Asked at “Ask a Friend, Ask Efren” free service through www.personalfinance.ph, Facebook, and SMS.
Answer: As of this writing, we had just celebrated Mother’s Day. In a month, we will be celebrating Father’s Day.
Briefly, the ancient Greeks were probably the first to celebrate Mother’s Day as their spring festival honored Rhea, the mother of all Greek gods.
The celebration did not catch on.
Then, in medieval Britain, servants were given the fourth Sunday of Lent to go home and spend the day with their mothers.
The practice, which eventually faded, was called Mothering Sunday.
But it was through the early 1900s efforts of American Anna Jarvis, who conceived Mother’s Day as a day for honoring mothers, that the modern-day Mother’s Day was born.
In 1910, another American, Sonora Smart Dodd drummed up support for establishing the equivalent of Mother’s Day for male parents.
While the modern-day celebration of Father’s and Mother’s Day was born out of the efforts and eventual practice of Americans, the spirit of the celebration is truly as old as human history itself. In fact, as you mentioned, the spirit of honoring parents was engraved in stone as the fourth of the Ten Commandments.
But does honoring parents equate to supporting them financially, especially in their retirement years?
Love does not count the cost. If it is required, then children will support their parents financially even in their twilight years.
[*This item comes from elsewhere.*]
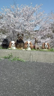 千葉県匝瑳市にある、天神山公園で桜をバックにしたワンコ集合写真です。
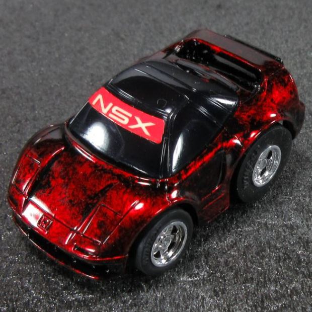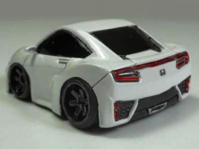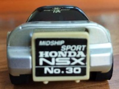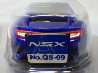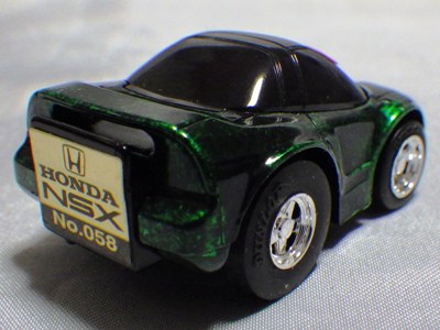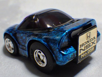 | 2004年5月ヤフオクにて購入。チョロQのコピー品というには少々小さく全長35mm。 それ以前にNSXと呼ぶのも厳しい形状。裏板に「MADE IN CHINA」の刻印。 |

After all, giving honor is nothing more than showing love for another.
On the other hand, if parents do love their children, they will not rely on their children for their retirement package.
It is, therefore, the duty of the parents alone to prepare for their own retirement from health to wealth.
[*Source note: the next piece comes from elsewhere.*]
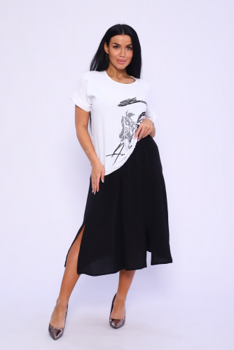 Женская двойка прямого силуэта. Верх комплекта в белом цвете с цветным принтом, короткий цельнокроеный рукав, низ футболки имеет свойство затягиваться, поэтому ее можно носить спущенную на юбку, а можно затянуть и оставить над ней, что подчеркнет вашу талию. Низ - свободная юбка двух цветов, с двумя разрезами снизу. Костюм повседневный и удобный, из легкой ткани сингапур, что хорошо для жаркого лета.
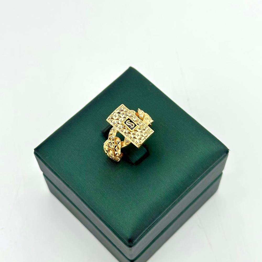 خاتم من الذهب الأصفر عيار 18 بتصميم جنزير أنيق ، يجمع بين الجرأة والفخامة، ليضفي لمسة مميزة من الأناقة على يدك.

To facilitate this, parents are also under no obligation to support their children after the latter have turned into able-bodied adults
To push it further, parents are not required by law or by faith to leave inheritance.
Proverbs 13:22 says that, “The good leave an inheritance to their children’s children but the wealth of the sinner is stored up for the just.” It did not say that one will be good if he leaves inheritance.
Going back to your question, if you love your parents, you will honor them and not count the cost. But as I have shown, it is a two-way street.
To avoid strains in the relationship, parents should let their children fly on their own once parents have completed their obligation of arming their children with the best education they can afford and then work on sustaining themselves for the rest of their lives.